### DATA SHOWN

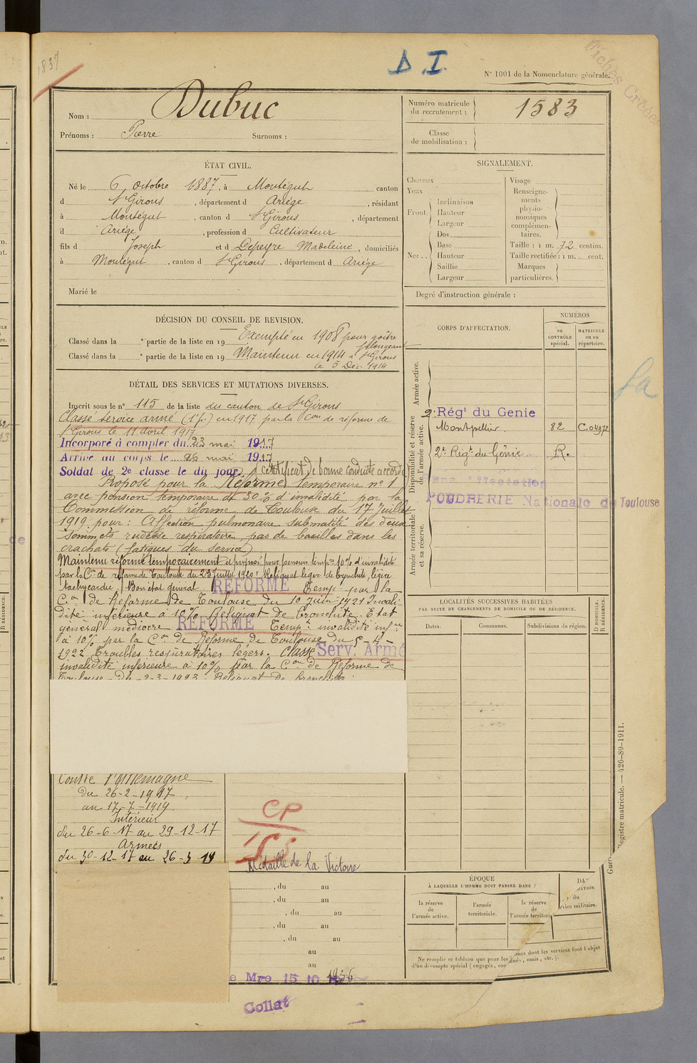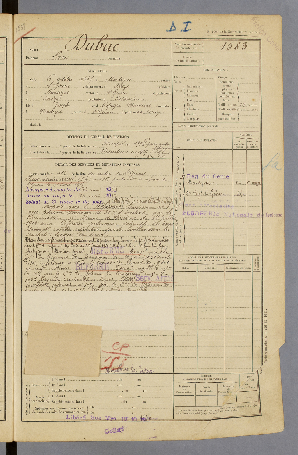 | Dubuc | Pierre | FOIX | 129 W 40 | 1907 | Montégut | Montégut | 1583 |
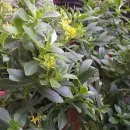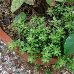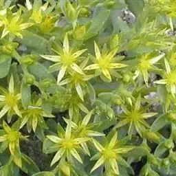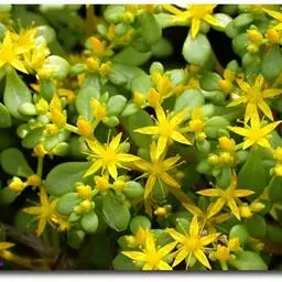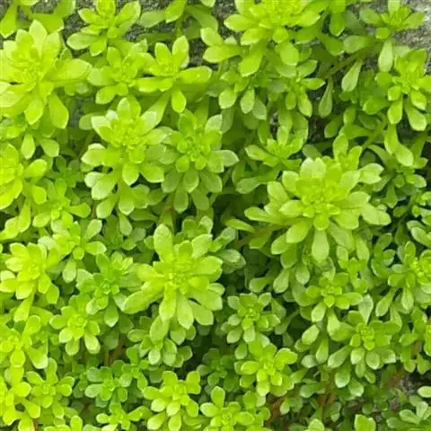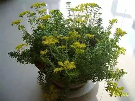 佛甲草是多年生肉质草本,全体无毛。茎纤细倾卧,长10~15厘米,着地部分节节生根。叶3~4片轮生,近无柄,线形至倒披针形,长2~2.5厘米,先端近短尖,基部有短矩。聚伞花序顶生,花黄色,细小;萼5片,无距或有时具假距,线状披针形,长1.5~7毫米,钝头,通常不相等:花瓣5,矩圆形,长4~6毫米,先端短尖,基部渐狭;雄蕊10,心皮5个,成熟时分离,长4~5毫米,花柱短。蓇葖果。花期春末夏初。含水量极高,其叶、茎表皮的角质层具有超常的防止水分蒸发的特性。佛家草生长适应性强,耐寒、耐旱、耐盐碱、耐瘠,抗病虫害,茎肉多汁,碧绿的小叶宛如翡翠,整齐美观,既可作为盆栽欣赏,也可作为露天观赏地被栽植。 佛甲草
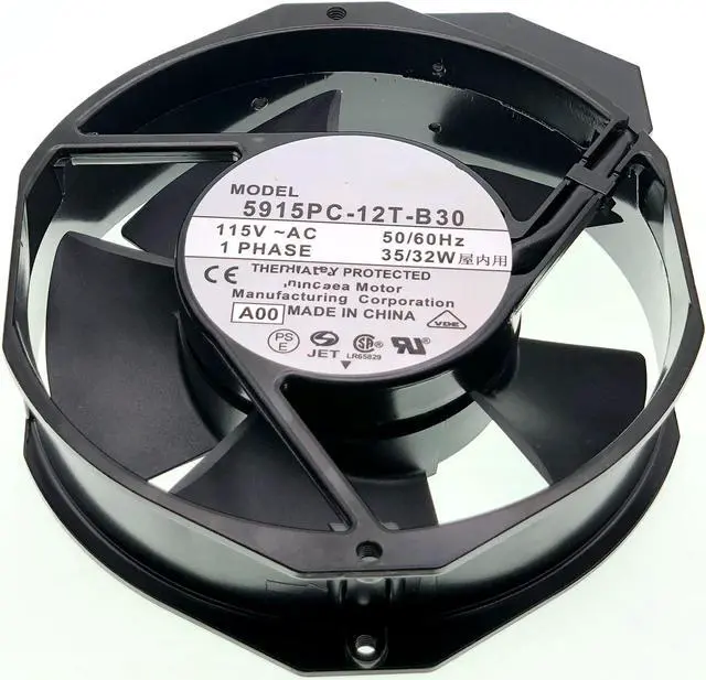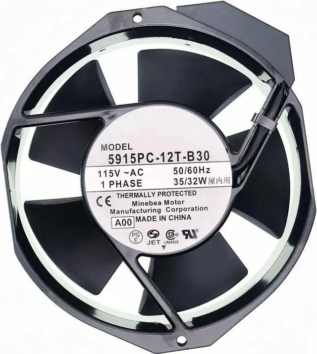 5915PC-12T-B30 5915PC-12T-B30-A00 for NMB-MAT Cooling Fan, 115V Cooling Fan, 35/32W 172×150×38MM Metal high Temperature Resistant Fan Enclosure Power Fan 50/60Hz Model: 5915PC-12T-B30 Size: 172×150×38MM Voltage: 115V Power: 35/32W
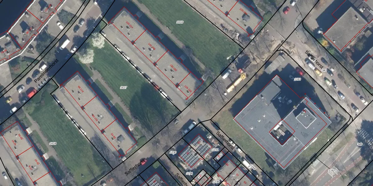 Het perceel waarop Saffierhorst 126 staat heeft een oppervlakte van 3075 m². Dit is een zeer groot perceel. De perceeloppervlakte wordt geregistreerd door het Kadaster. Gedetailleerde informatie over de maten van dit perceel kunt u vinden in het rapport Kadastrale kaart met maatvoering van Saffierhorst 126.
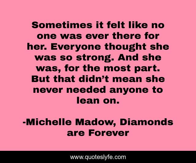 This page presents the quote "Sometimes it felt like no one was ever there for her. Everyone thought she was so strong. And she was, for the most part. But that didn’t mean she never needed anyone to lean on.". Author of this quote is Michelle Madow, Diamonds are Forever. .
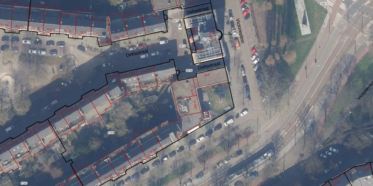Het perceel waarop Victorieplein 41 staat heeft een oppervlakte van 3845 m². Dit is een zeer groot perceel. De perceeloppervlakte wordt geregistreerd door het Kadaster. Gedetailleerde informatie over de maten van dit perceel kunt u vinden in het rapport Kadastrale kaart met maatvoering van Victorieplein 41.
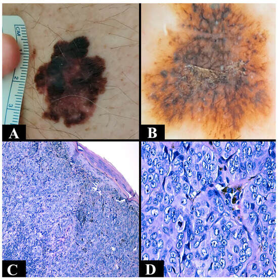 The most common type is superficial spreading melanoma (Figure 1A,B). It particularly impacts the Caucasian population [75]. The average age of diagnosis is 51 years. It can be located at any level (trunk or extremities) except the palms and soles [66,67]. It can develop de novo or based on a pigmented nevus [66]. During its initial stage, the growth of the lesion is slow and progresses radially. It appears as a brown-to-black macule, measuring less than 5 mm, with irregular edges. The lesion is confined to the epidermis or may extend focally into the papillary dermis. During the vertical growth phase, the rapid development of a nodule or a papule occurs, which may potentially ulcerate [66,75]. Histopathologically, a stage of melanoma in situ is evident, showing a pagetoid extension of malignant melanocytes along the epidermis. The initial invasive stage involves the spread of malignant cells in the superficial dermis [76]. The specific architecture consists of asymmetry, nests of melanocytes of various sizes and shapes, with the absence of maturation in the dermis. It is also associated with different degrees of solar elastosis [77].
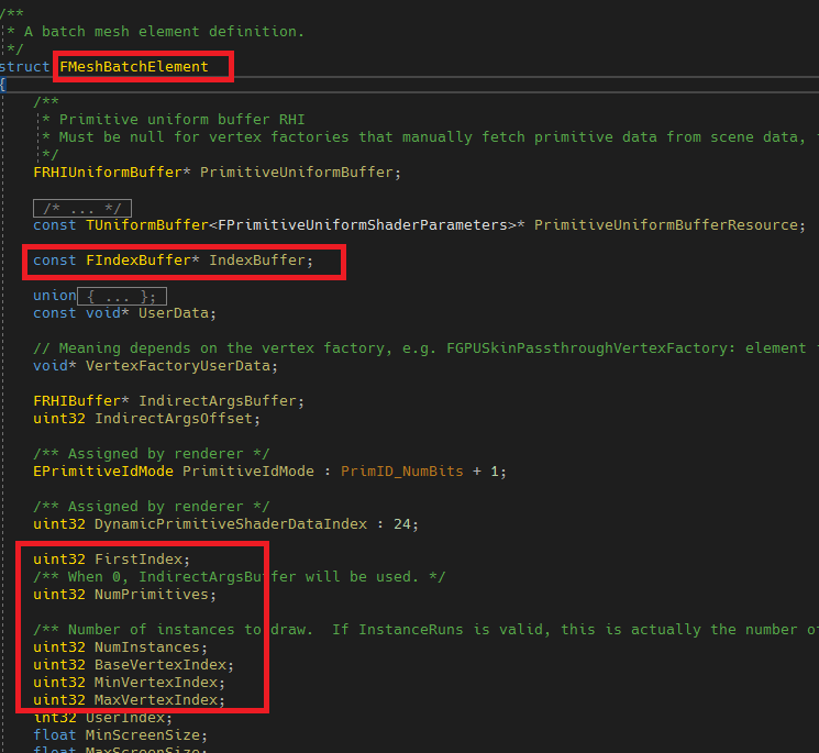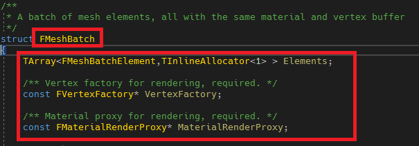시작하기 전 FMeshBatch의 구조를 한번 보도록 합니다. FMeshBatch는 주석의 설명 그대로 같은 머터리얼과 버택스 버퍼를 사용하는 메시 요소들을 갖고 있는 객체입니다.
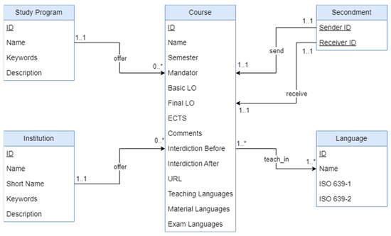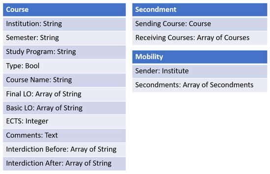 The distributed local schemes of the higher-education information system (HEI-IS) to be integrated focus on key areas such as courses, secondments, and mobility. As shown in Figure 9, these schemes encompass essential data structures that support the management of academic programs and student exchanges. The Course schema includes fundamental information about courses, such as the institution, semester, study program, learning outcomes, and ECTS credits. The Secondment schema manages the relationships between sending and receiving courses for secondment opportunities. The Mobility schema handles the transfer of secondments between institutions, tracking the sender and associated secondment programs. These high-level schemes facilitate the integration and interoperability of HEI-ISs, ensuring the efficient management of educational processes and student mobility.
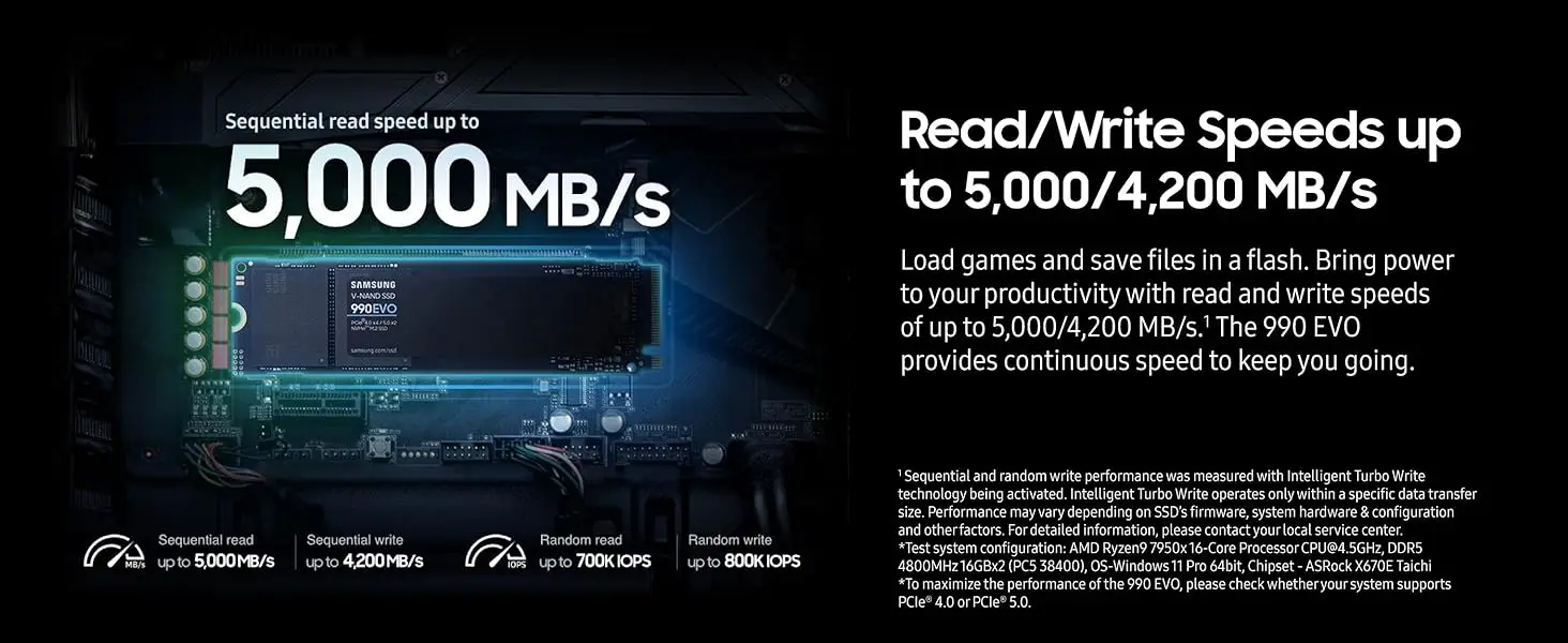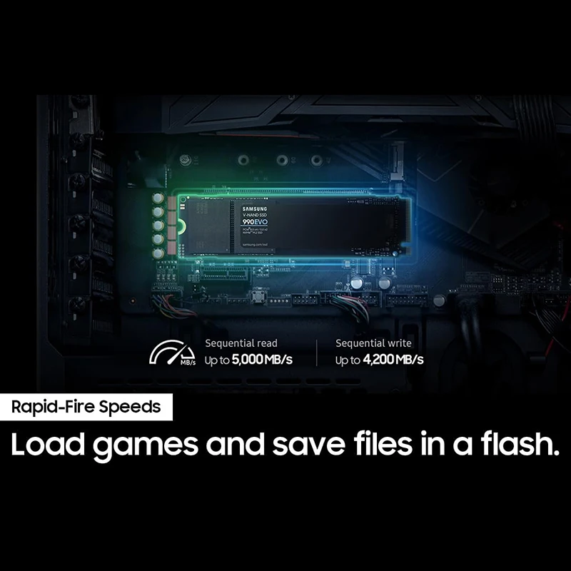 Velocidades de lectura/escritura de hasta 5.000/4.200 MB/s: carga juegos y guarda archivos en un instante. Aporta potencia a tu productividad con velocidades de lectura y escritura de hasta 5.000/4.200 MB/s.* El 990 EVO proporciona velocidad continua para mantenerte en marcha.
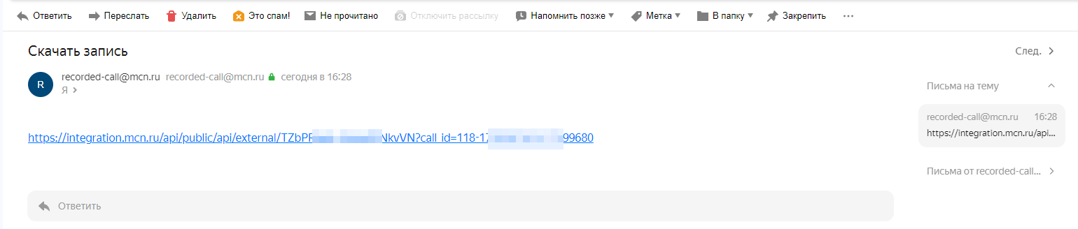 В поле Сообщение вставьте скопированную ссылку из прокси-метода «Скачивание записи разговора».

### WORK TASK
Transcribe exactly the lines that run from the first line of the records above through the line with "5915PC-12T-B30 5915PC-12T-B30-A00 for", and include both of those lines; pictures stay out.

### YOUR RESPONSE
 | Dubuc | Pierre | FOIX | 129 W 40 | 1907 | Montégut | Montégut | 1583 |
 佛甲草是多年生肉质草本,全体无毛。茎纤细倾卧,长10~15厘米,着地部分节节生根。叶3~4片轮生,近无柄,线形至倒披针形,长2~2.5厘米,先端近短尖,基部有短矩。聚伞花序顶生,花黄色,细小;萼5片,无距或有时具假距,线状披针形,长1.5~7毫米,钝头,通常不相等:花瓣5,矩圆形,长4~6毫米,先端短尖,基部渐狭;雄蕊10,心皮5个,成熟时分离,长4~5毫米,花柱短。蓇葖果。花期春末夏初。含水量极高,其叶、茎表皮的角质层具有超常的防止水分蒸发的特性。佛家草生长适应性强,耐寒、耐旱、耐盐碱、耐瘠,抗病虫害,茎肉多汁,碧绿的小叶宛如翡翠,整齐美观,既可作为盆栽欣赏,也可作为露天观赏地被栽植。 佛甲草
 5915PC-12T-B30 5915PC-12T-B30-A00 for NMB-MAT Cooling Fan, 115V Cooling Fan, 35/32W 172×150×38MM Metal high Temperature Resistant Fan Enclosure Power Fan 50/60Hz Model: 5915PC-12T-B30 Size: 172×150×38MM Voltage: 115V Power: 35/32W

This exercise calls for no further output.